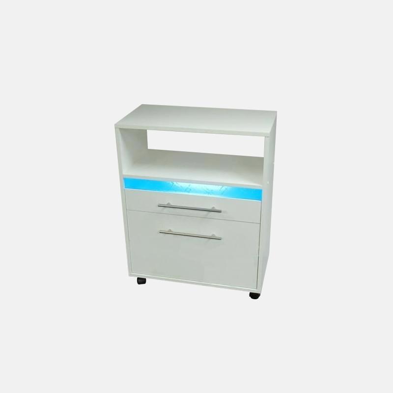 Главная цель тумбы Торелло это предоставить возможность мастеру хранить дополнительные рабочие инструменты и всякого рода мелочь. Осуществить это поможет бактерицидная УФ лампа, которая предназначена для стерилизации медицинских инструментов, а также их сохранности в течении семи дней. Также в комплекте есть два выдвижных ящичка, один из которых весьма компактный, а второй с большей вместительностью. Конструкция находится на передвижных колесиках, с помощью которых её с легкостью можно передвигать в нужную позицию. Цвет производители оставляют на усмотрение заказчика.
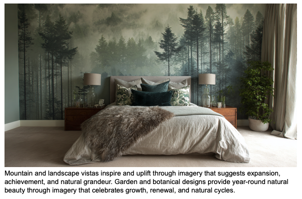 Stress reduction through nature-inspired and tranquil themes provides psychological escape from urban environments and daily pressures. Natural imagery, water features, forest scenes, or garden representations connect occupants with calming natural environments.
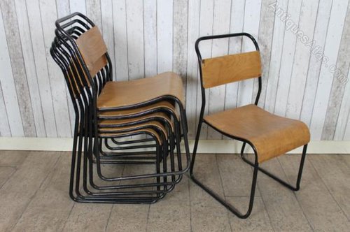 These vintage stacking chairs are timeless pieces of classic and vintage industrial antique furniture.
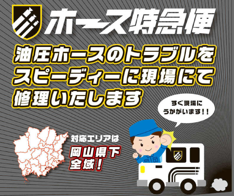 当社では、岡山県内全域を対象に、油圧ホースのトラブルを電話一本で受け付け、現場に駆け付けて迅速に解決するサービスを提供しています。
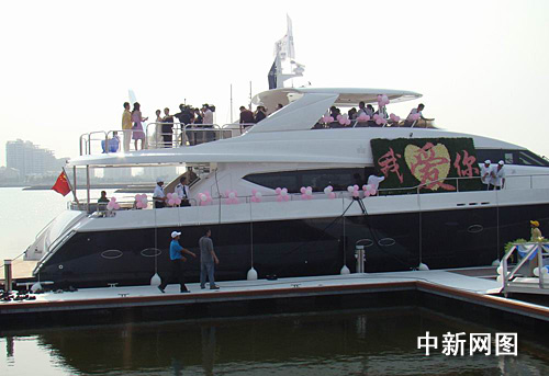中新網海口3月20日電(付美斌)“從這一刻起,我將始終與你為伴,將我的一生交付與你,共同分享、共同承擔所有的未來……”3月20日下午3時許,一對“新人”在海口灣畔一艘價值6000萬元的公主級豪華游艇上舉行浪漫婚禮。據悉,這是游艇婚禮首現海南島,該場婚禮花費25999元。
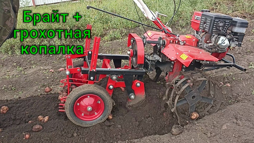 Копаю картошку мотоблоком Брайт, прицепив грохотную картофелекопалку.
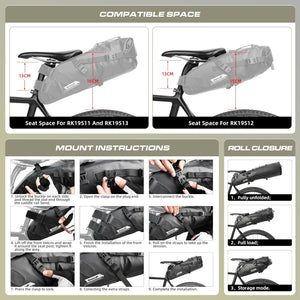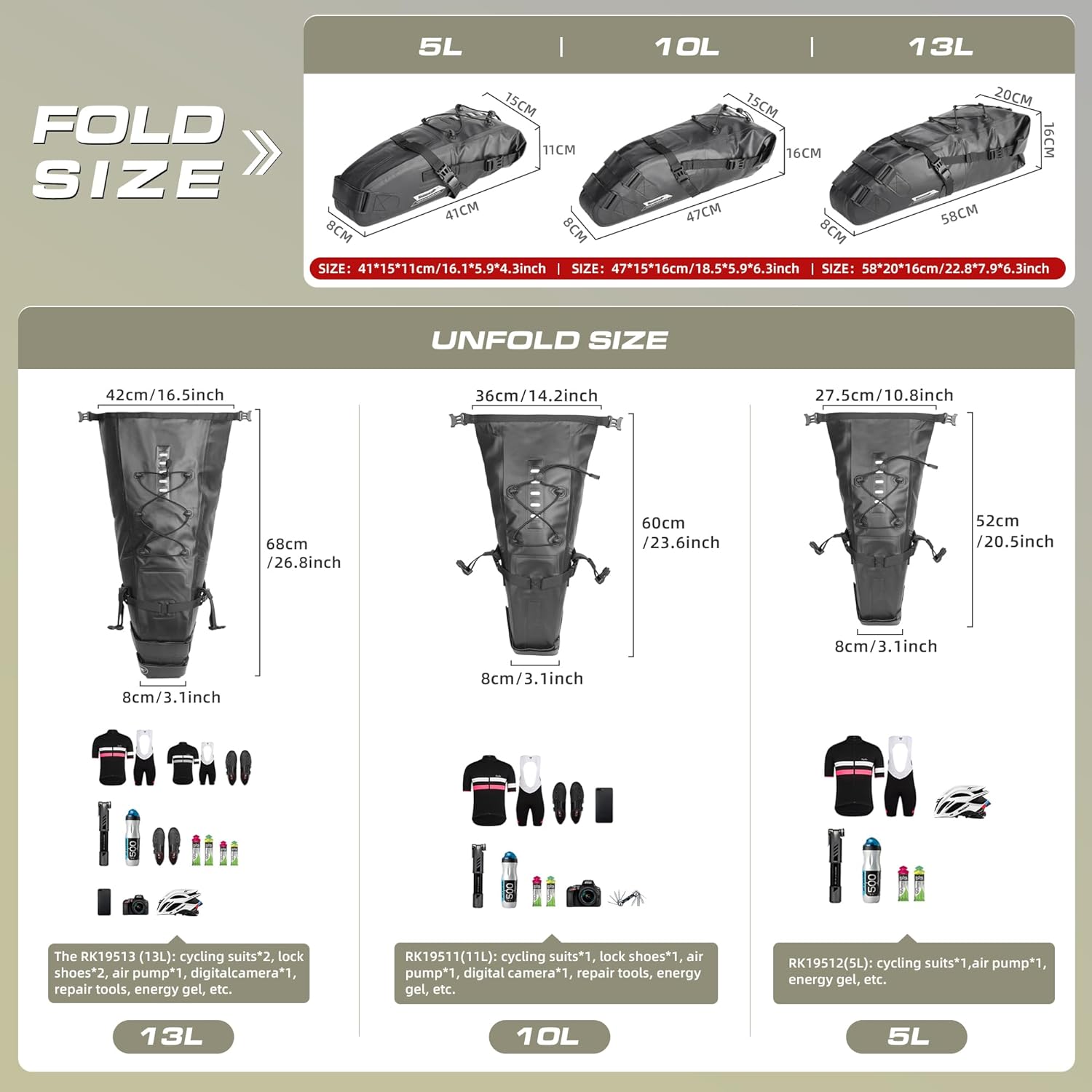 Rhinowalk Bike Saddle Bag 1.5/5/10/13L Waterproof Bicycle Bag Cycling Seat Bag Mountain Road Portable Storage Bag
········
_Problem details_
The pictures stay out; everything else in the records above must be repeated exactly.

_Final answer_
 Главная цель тумбы Торелло это предоставить возможность мастеру хранить дополнительные рабочие инструменты и всякого рода мелочь. Осуществить это поможет бактерицидная УФ лампа, которая предназначена для стерилизации медицинских инструментов, а также их сохранности в течении семи дней. Также в комплекте есть два выдвижных ящичка, один из которых весьма компактный, а второй с большей вместительностью. Конструкция находится на передвижных колесиках, с помощью которых её с легкостью можно передвигать в нужную позицию. Цвет производители оставляют на усмотрение заказчика.
 Stress reduction through nature-inspired and tranquil themes provides psychological escape from urban environments and daily pressures. Natural imagery, water features, forest scenes, or garden representations connect occupants with calming natural environments.
 These vintage stacking chairs are timeless pieces of classic and vintage industrial antique furniture.
 当社では、岡山県内全域を対象に、油圧ホースのトラブルを電話一本で受け付け、現場に駆け付けて迅速に解決するサービスを提供しています。
中新網海口3月20日電(付美斌)“從這一刻起,我將始終與你為伴,將我的一生交付與你,共同分享、共同承擔所有的未來……”3月20日下午3時許,一對“新人”在海口灣畔一艘價值6000萬元的公主級豪華游艇上舉行浪漫婚禮。據悉,這是游艇婚禮首現海南島,該場婚禮花費25999元。
 Копаю картошку мотоблоком Брайт, прицепив грохотную картофелекопалку.
 Rhinowalk Bike Saddle Bag 1.5/5/10/13L Waterproof Bicycle Bag Cycling Seat Bag Mountain Road Portable Storage Bag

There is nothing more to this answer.